It's not the view of a few irate customers, it's based on dozens of conversations with other locals, friends and my own experiences. The shop is not very far from where I live and would be my LBS if they suited. There are plenty of reasons to shop there as I outlined, in fact some would view the reasons I outlined as to why they stay in business. To brush off very well documented problems as a few irate customers is silly.


----------



## PpPete (30 Mar 2011)

Tried their internet operation 3 times.

Once for Shimano hub (an older model that I preferred the look of to the newer ones) that they claimed to have in stock.... and unobtainable elsewhere.
Chased after a week - oh we have no stock. Cancelled order. Two days later still showing as in stock on website, so re-ordered (thinking they must have found their lost stock) - still no joy. Wrote them a snotty letter - hoping I might get a voucher or something.... no such luck.

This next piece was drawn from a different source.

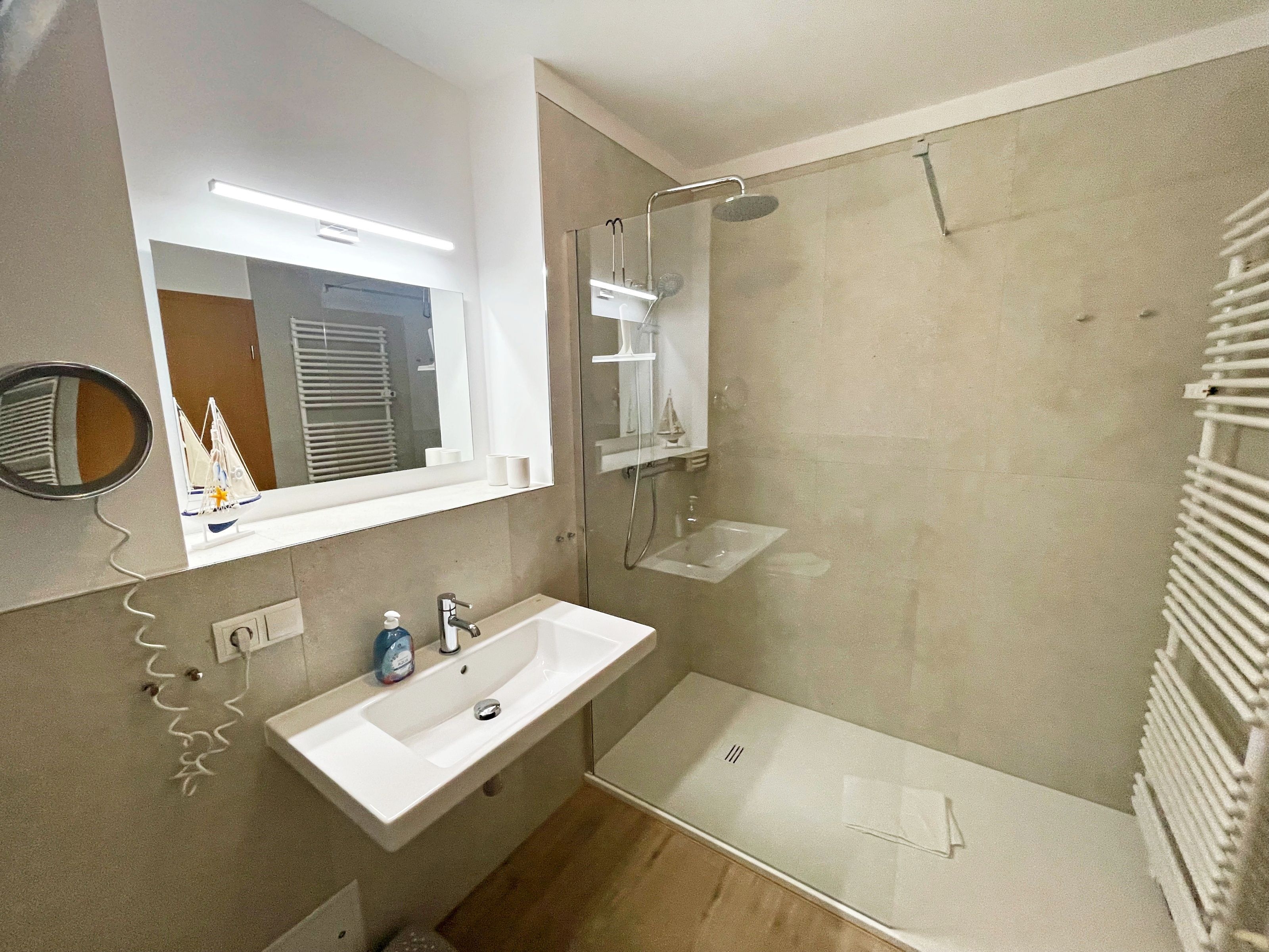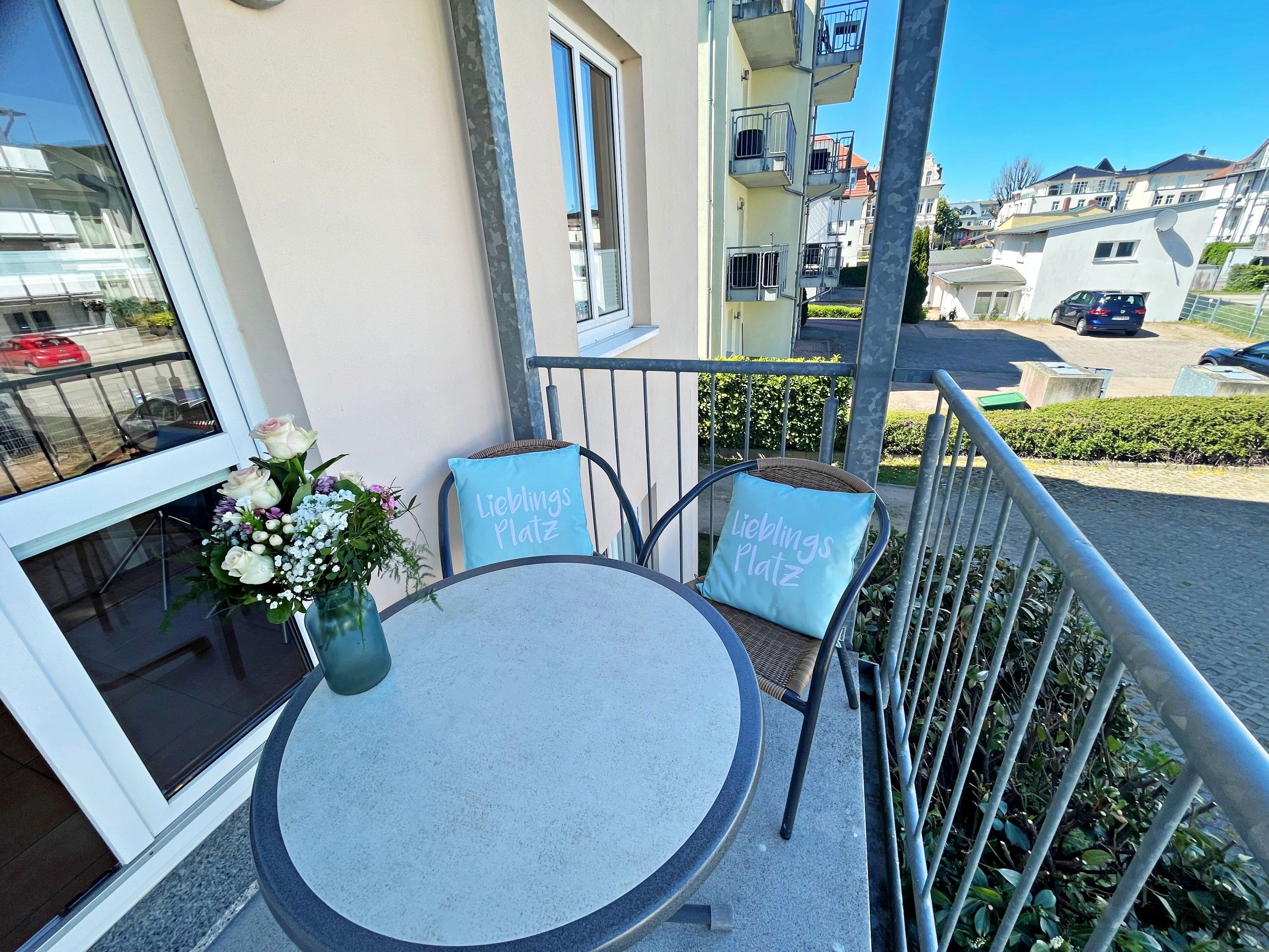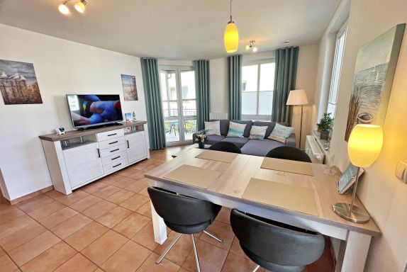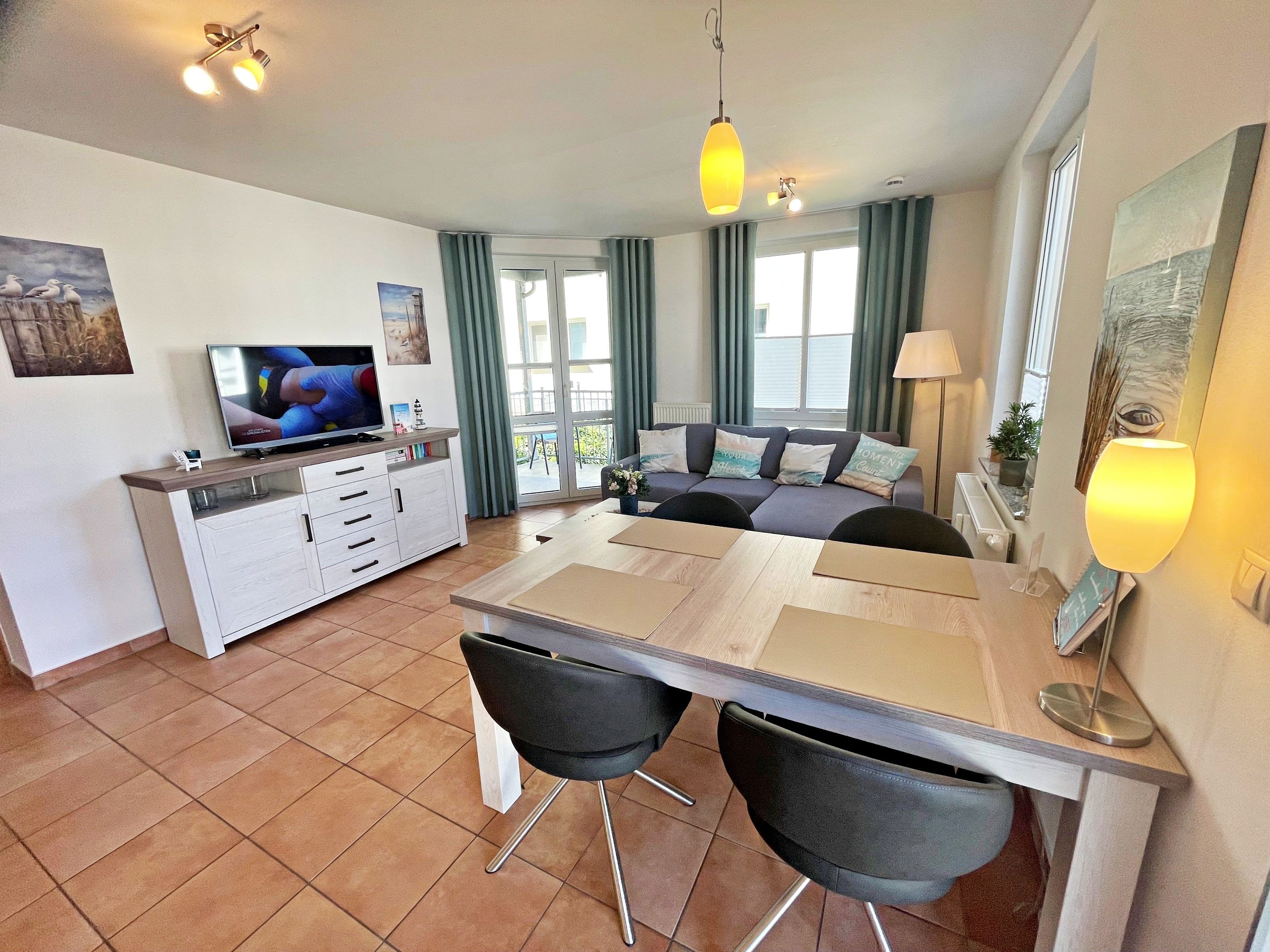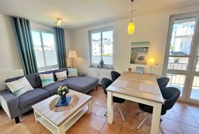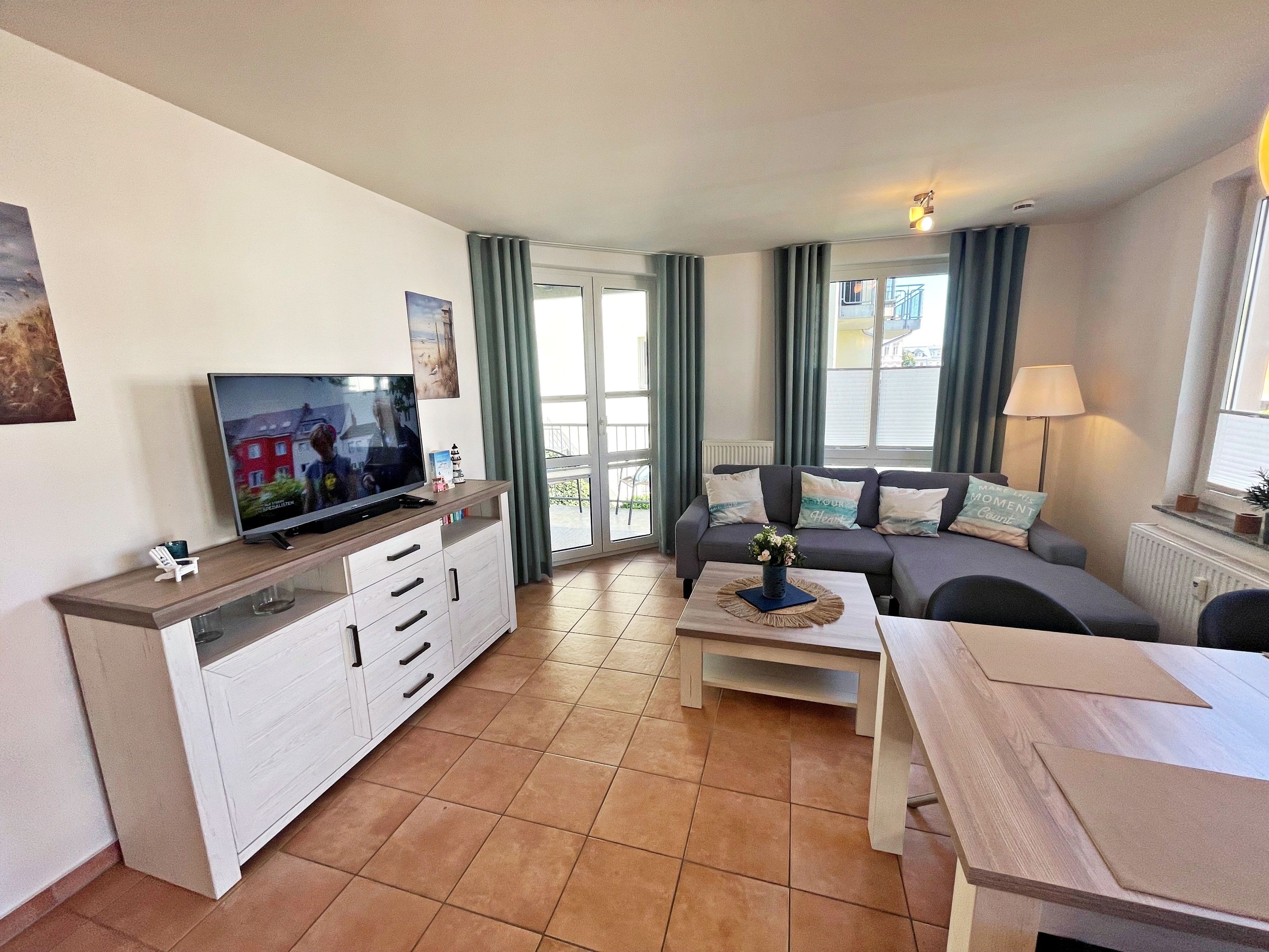 Diese helle und freundliche Ferienwohnung im Erdgeschoss des Neubaus lädt Sie mit ihrem ansprechendem Ambiente zum Verweilen ein und bietet Ihnen ein schönes Zuhause auf Zeit. Auf 65 Quadratmetern finden bis zu vier Personen gemütlich Platz. Die Wohnung ist hochwertig eingerichtet und verfügt über einen stilvollen Wohnbereich mit einer bequemen Sitzgruppe und einem Flat-TV. Die komplett ausgestattete Küchenzeile lässt keine Wünsche offen. Entspannen Sie in einem der beiden Schlafzimmer: Das erste ist mit einem komfortablen Doppelbett (1,80 m x 2,00 m) und einem zusätzlichen Flat-TV ausgestattet, während das zweite Schlafzimmer mit zwei Einzelbetten ideal für Familie oder Freunde ist. Das moderne Bad bietet Ihnen eine ebenerdige Dusche und WC und zwei Balkone laden dazu ein, die frische Luft zu genießen. Wenn Sie mit kleinen Kindern reisen, stellen wir Ihnen gerne ein Kinderbett (ohne Wäsche) und einen Hochstuhl zur Verfügung. Ein PKW-Stellplatz ist ebenfalls für Sie reserviert. Bitte beachten Sie, dass die Parkmöglichkeiten bei größeren Fahrzeugen etwas eng ausfallen könnten. Selbstverständlich steht Ihnen kostenfreies WLAN zur Verfügung, damit Sie Ihre Urlaubserlebnisse mit Freunden oder Familie daheim teilen können.

Second occasion, ordered a couple of rims - on which they showed Low Stock. Didn't need them in a hurry, so not fussed if turned out to be not available. 
They arrived on second working day after order.

Most recently
Ordered a Giant MTB for sprog #3 2010 model RRP £299 reduced to £199 
Chased after a week ... oh the branch that showed it in stock doesn't actually have it - should we cancel order or suggest replacement? Please suggest replacement. They suggested a Raleigh which apparently has RRP 269, that they offer at £229 - and to price match it down to £199.	Fair enough... but the website description is so poor that I really cant judge whether it's as good a bargain as the Giant (I suspect not). Asked them some really basic questions about the drive train... web department can't answer that directly... they have to ask the branch where the stock is. Just waiting for the answer now. Meanwhile have spotted a better bargain elsewhere....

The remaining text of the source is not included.